Her head lifts a fraction, her lashes brushing her cheek. The answer is already forming before I finish the question.
“No,” she says, too fast, as if she’s forcing herself to believe it. I study her, watching the slight tremor in her hand as it retreats to her lap. She tries to make it look casual, but it’s not. Ivy doesn’t fidget unless she’s cornered. I know that. I’ve watched her long enough to memorize all the tells she thinks she’s hidden.
She’s still lying to me.

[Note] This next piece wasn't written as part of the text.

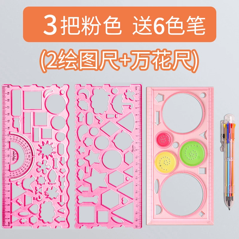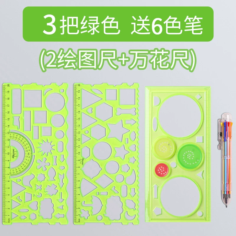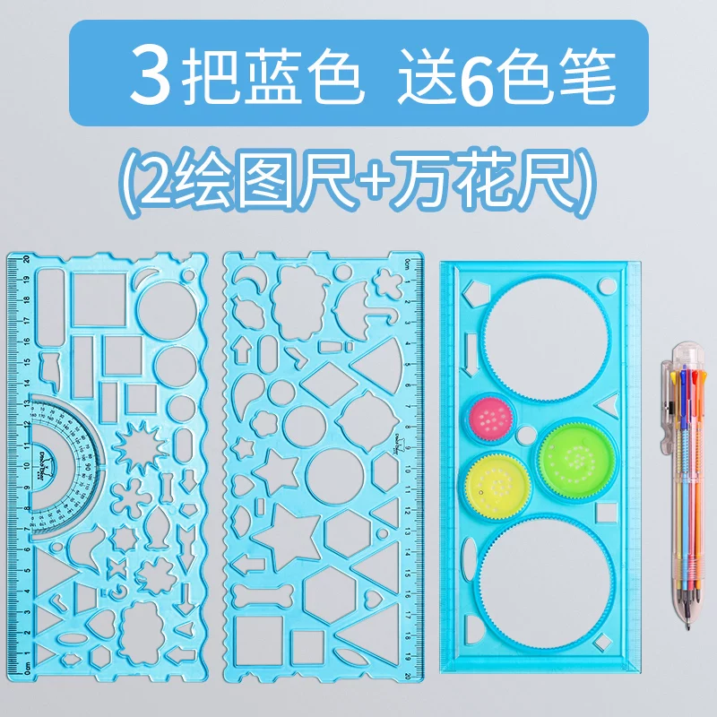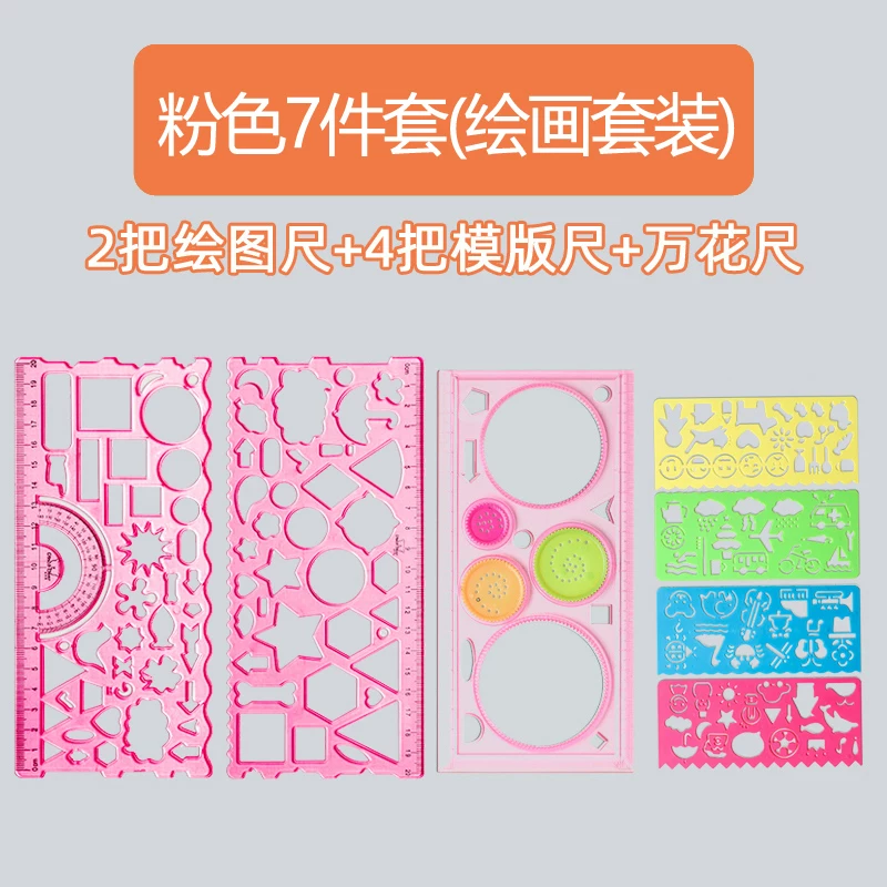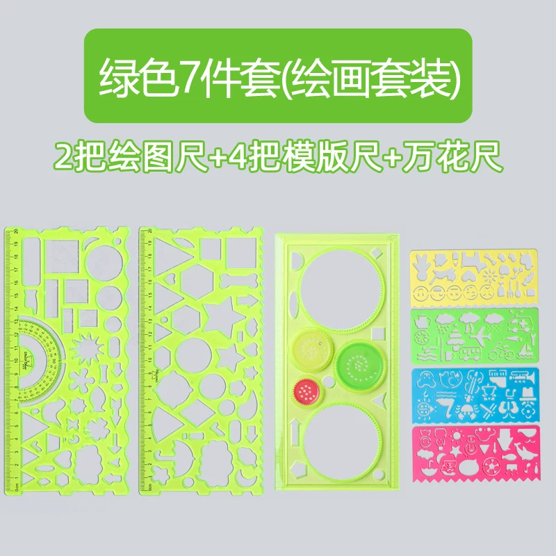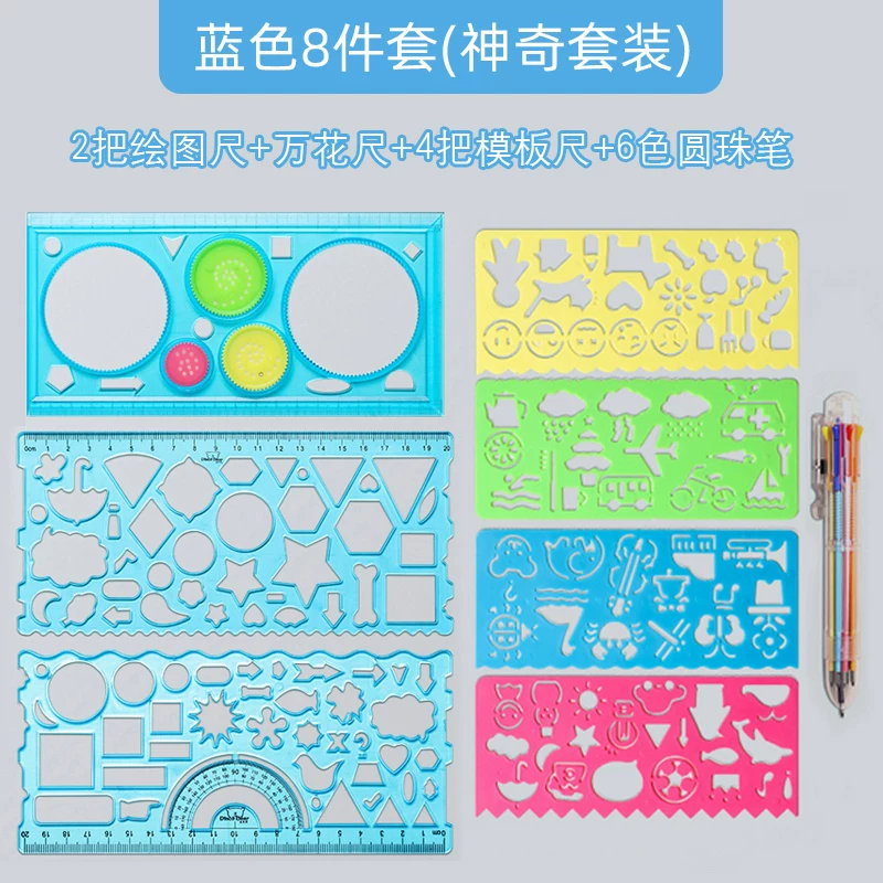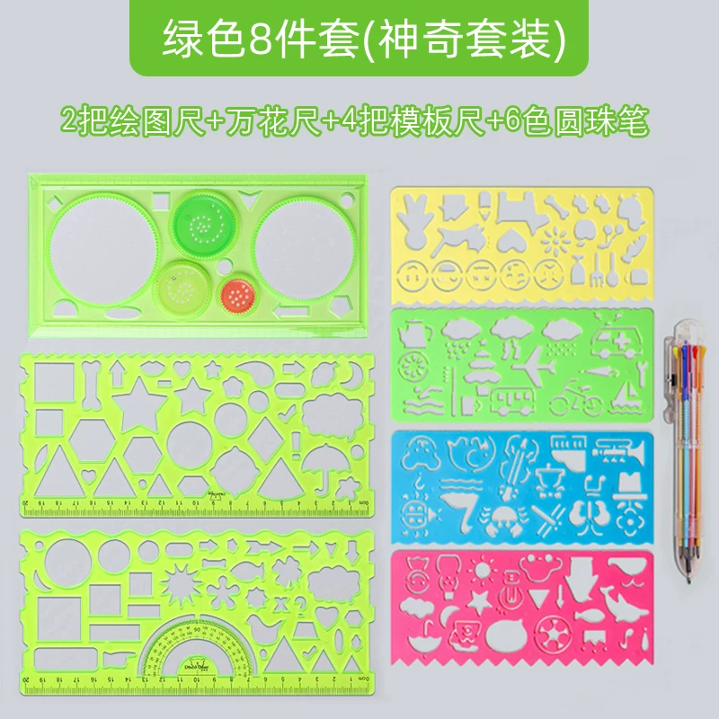 Multi-Functional Ruler Set for Elementary Students: Wave Ruler, Straight Ruler, Template for Hand-Drawn Reports, Children's Cartoon Drawing Ruler

And she’s counting on me to let it slide.
I suppress a sigh of frustration. I want to reach across the console and touch her face, brush the hair away from her eyes, force her to look at me when she lies. But I stay still, hands wrapped tightly around the wheel, knuckles rigid against the leather.
She opens the door before I can say another word, slides out of the car like she’s escaping something.
Maybe she is.
She doesn’t look back as she walks toward the rental. I track her with my eyes, each step clicking into the hollow silence between us. The porch light spills over her shoulders, her hair catching the glow. She’s wearing one of those oversized sweaters she loves, the kind that swallows her frame and hides the woman I can still taste on my tongue.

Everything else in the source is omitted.